» Task:
A faithful copy is required: retype the records from their first line through the line with "活動在激昂的國歌聲中拉開序幕", and omit the pictures.

Source records
_ _ _
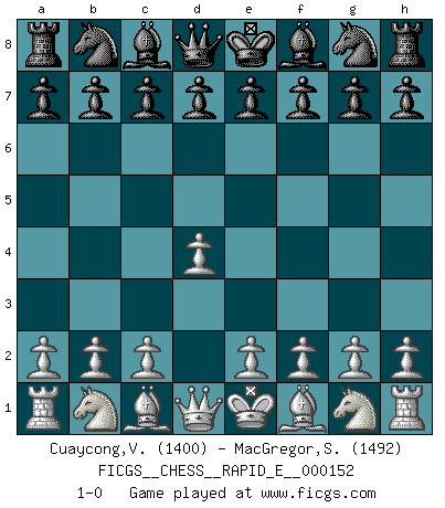 Last move : 1-0 2015 July 1 14:55:8 [Event "FICGS__CHESS__RAPID_E__000152"] [Site "FICGS"] [Date "2015.05.31"] [Round "1"] [White "Cuaycong,Virgilio"] [Black "MacGregor,Steven"] [Result "1-0"] [WhiteElo "1400"] [BlackElo "1492"] 1.d4 1-0 This chess game has been lost on time (started : 2015.05.31 18:6:41) Queen's pawn Player White won this chess game. Follow this game move after move (download)Combinations have always been the most intriguing aspect of Chess. The masters look for them, the public applauds them, the critics praise them. It is because combinations are possible that Chess is more than a lifeless mathematical exercise. They are the poetry of the game; they are to Chess what melody is to music. They represent the triumph of mind over matter. (Reuben Fine) Oft bringt ein stiller Zug das Erdbeben. (Richard Reti) La belleza de un movimiento no se refleja solo en su apariencia, sino en el pensamiento detrás de él. (Siegbert Tarrasch) Soyez une menace à chaque fois que vous vous asseyez pour jouer. (Ken Smith) Winning isn't everything... but losing is nothing. (Mednis)
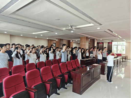 活動在激昂的國歌聲中拉開序幕,全體參會人員莊嚴肅立,齊聲高唱國歌。隨后,在電子信息學院十大魅力學子、優(yōu)秀黨員馮思淇的帶領下,畢業(yè)生黨員們面向黨旗,重溫入黨誓詞。
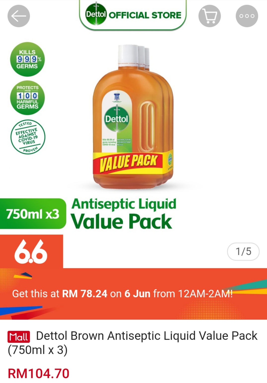 ▪ Dettol Brown Antiseptic Liquid Value Pack (750ml x 3) – RM104.70 RM78.24
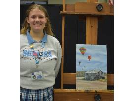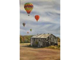 Oil painting of Kentucky farmland and old barn with hot air balloons floating overhead. This piece measures 12x18inches. Artist: Hadley Klusman '24
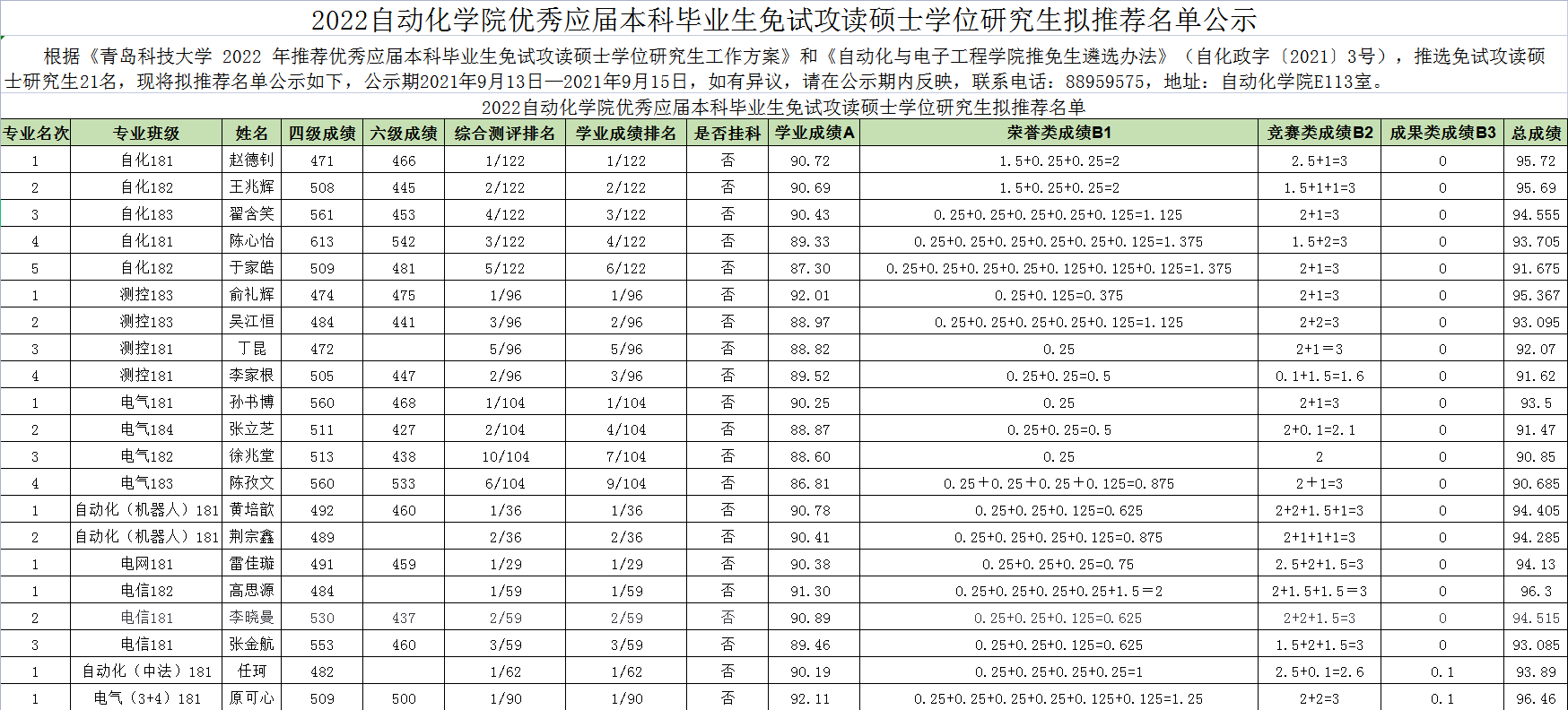 2022优秀应届本科毕业生免试攻读硕士学位研究生拟推荐名单公示
_ _ _
» Finished task:
 Last move : 1-0 2015 July 1 14:55:8 [Event "FICGS__CHESS__RAPID_E__000152"] [Site "FICGS"] [Date "2015.05.31"] [Round "1"] [White "Cuaycong,Virgilio"] [Black "MacGregor,Steven"] [Result "1-0"] [WhiteElo "1400"] [BlackElo "1492"] 1.d4 1-0 This chess game has been lost on time (started : 2015.05.31 18:6:41) Queen's pawn Player White won this chess game. Follow this game move after move (download)Combinations have always been the most intriguing aspect of Chess. The masters look for them, the public applauds them, the critics praise them. It is because combinations are possible that Chess is more than a lifeless mathematical exercise. They are the poetry of the game; they are to Chess what melody is to music. They represent the triumph of mind over matter. (Reuben Fine) Oft bringt ein stiller Zug das Erdbeben. (Richard Reti) La belleza de un movimiento no se refleja solo en su apariencia, sino en el pensamiento detrás de él. (Siegbert Tarrasch) Soyez une menace à chaque fois que vous vous asseyez pour jouer. (Ken Smith) Winning isn't everything... but losing is nothing. (Mednis)
 活動在激昂的國歌聲中拉開序幕,全體參會人員莊嚴肅立,齊聲高唱國歌。隨后,在電子信息學院十大魅力學子、優(yōu)秀黨員馮思淇的帶領下,畢業(yè)生黨員們面向黨旗,重溫入黨誓詞。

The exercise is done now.